The Sunderland men who came to Essex

wivenhoe_anglican_church

Photo by Cindy Lilley.

I’ve nearly finished transcribing the baptisms and burials register for Wivenhoe St. Mary the Virgin, 1695-1751.

It’s not unusual at all to find people being buried in a parish that they don’t usually live in – either because it’s where they’re originally from and they want to be buried beside their family members, or because they died too far from home.

I found one burial from 1718, and two from the 1730s for men from Sunderland, County Durham – James Dun on 22nd October 1718, John Whitfield on 16th June 1735, and Timothy Ruston on 23rd August 1739. Not long after Timothy’s burial, on 24th Feb 1739/40, John Richardson from Scarborough, Yorkshire was buried.[1]More from the 1752-1812 register: John Richardson from Sunderland, aged 36, buried on 30 March 1776, William Hardcastle, aged 13, from the ship William of Sunderland, buried 23rd December 1808.

These seemed rather odd – Wivenhoe is nearly 300 miles away from Sunderland by road, and 250 miles from Scarborough. Of course, with Wivenhoe being a village which had a port and ship yards for centuries, it’s possible that these men were sailors, involved with transporting something down the North Sea coast. But what?

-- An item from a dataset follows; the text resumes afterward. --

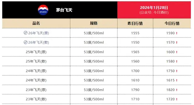 根据最新的市场数据,就在1月29日,2026年原箱茅台的单瓶价格已经硬气地上涨了20元,来到了1610元/瓶的位置。从附图的“今日酒价”也能看出,从23年到26年的各款飞天茅台,无论是散瓶还是原箱,昨日本就全线飘红,今天更是延续了涨势。

And then, on 28th December 1750, we have the burial of Thomas Crawford, ” from on board the True Friend, a collier, by a blow of the Capstone.”

These extra bits of information suggest a solution to the burials of the men from ‘up north’, who ended up being buried so far from home in Essex. Collier ships were very important, transporting coal from the mining towns in the north of England, down the North Sea coast to London. Of course, they stopped off on the way – some would have been bringing their cargoes to Colchester. Maritime Heritage East has an interesting model of the Lambton collier brig from Sunderland, and they say:

This type of vessel was once a common sight in the River Colne.  They would sometimes offload part or all of their cargo into lighters at Wivenhoe for delivery to Colchester Hythe Quay, and would take on ballast at the Ballast Quay to make themselves seaworthy again for the return passage to the North East.  The last collier brigs on the East Coast finally ceased trading in the early twentieth century.

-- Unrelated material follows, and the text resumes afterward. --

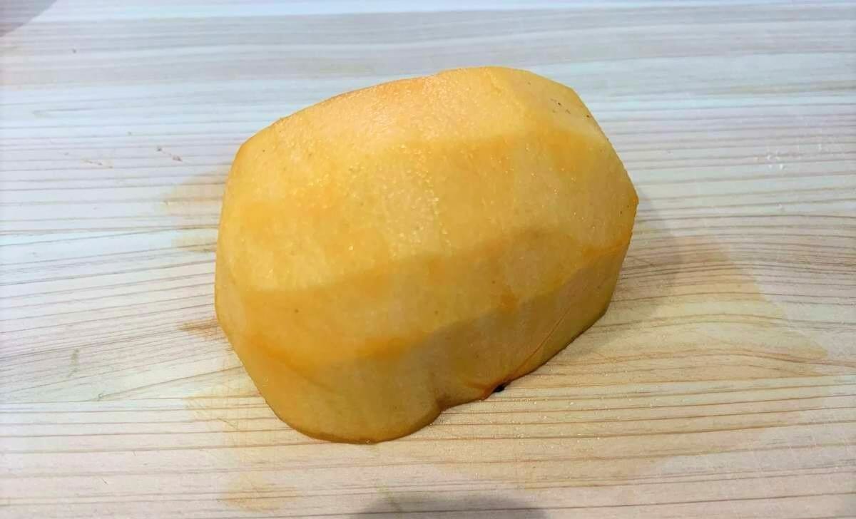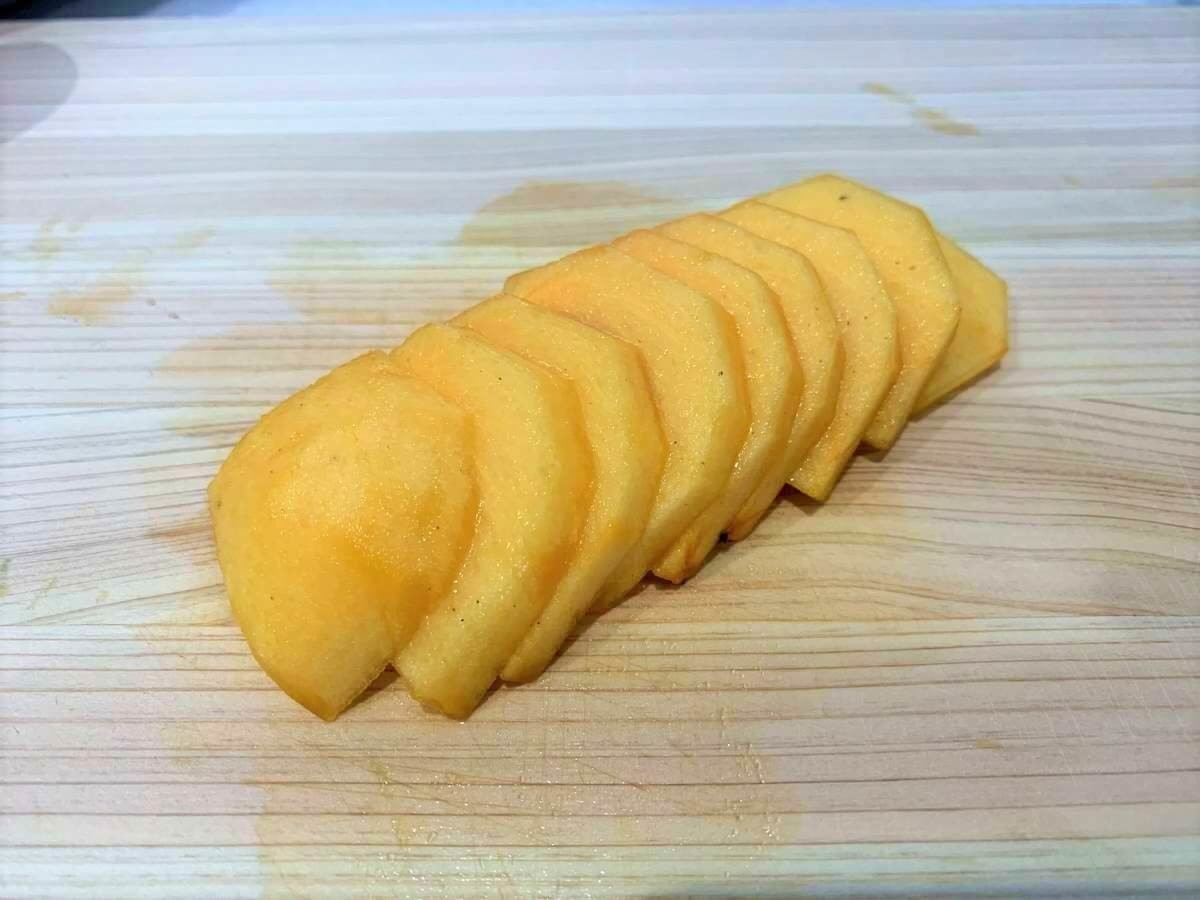 熟れすぎた柿のトースト①柿の皮をむき、薄切りにする

British History Online has an interesting piece on Wivenhoe’s economic history, which briefly mentions the collier ships, which lost out to competition from the railways.

Scarborough Maritime Heritage discusses the town’s role in transporting coal, with an example of a typical collier ship’s voyage from 1718.

I wonder if the Co-Op coal yard, which used to be (and still is?) by the railway/road crossing in the Hythe, was a relic from those days? Coal was still brought into Wivenhoe when I was a child – during the Miners’ Strikes of the early 1980s, coal from mainland Europe was imported through Wivenhoe port, which led to miners, coming from the distant coal fields of Wales and northern England, battling with police to stop lorries leaving the port.

It’s interesting to think that Wivenhoe’s involvement in the coal industry goes back as far as it does, although of course, now without a port, it is only an echo from history.

Footnotes

Footnotes
1 More from the 1752-1812 register: John Richardson from Sunderland, aged 36, buried on 30 March 1776, William Hardcastle, aged 13, from the ship William of Sunderland, buried 23rd December 1808.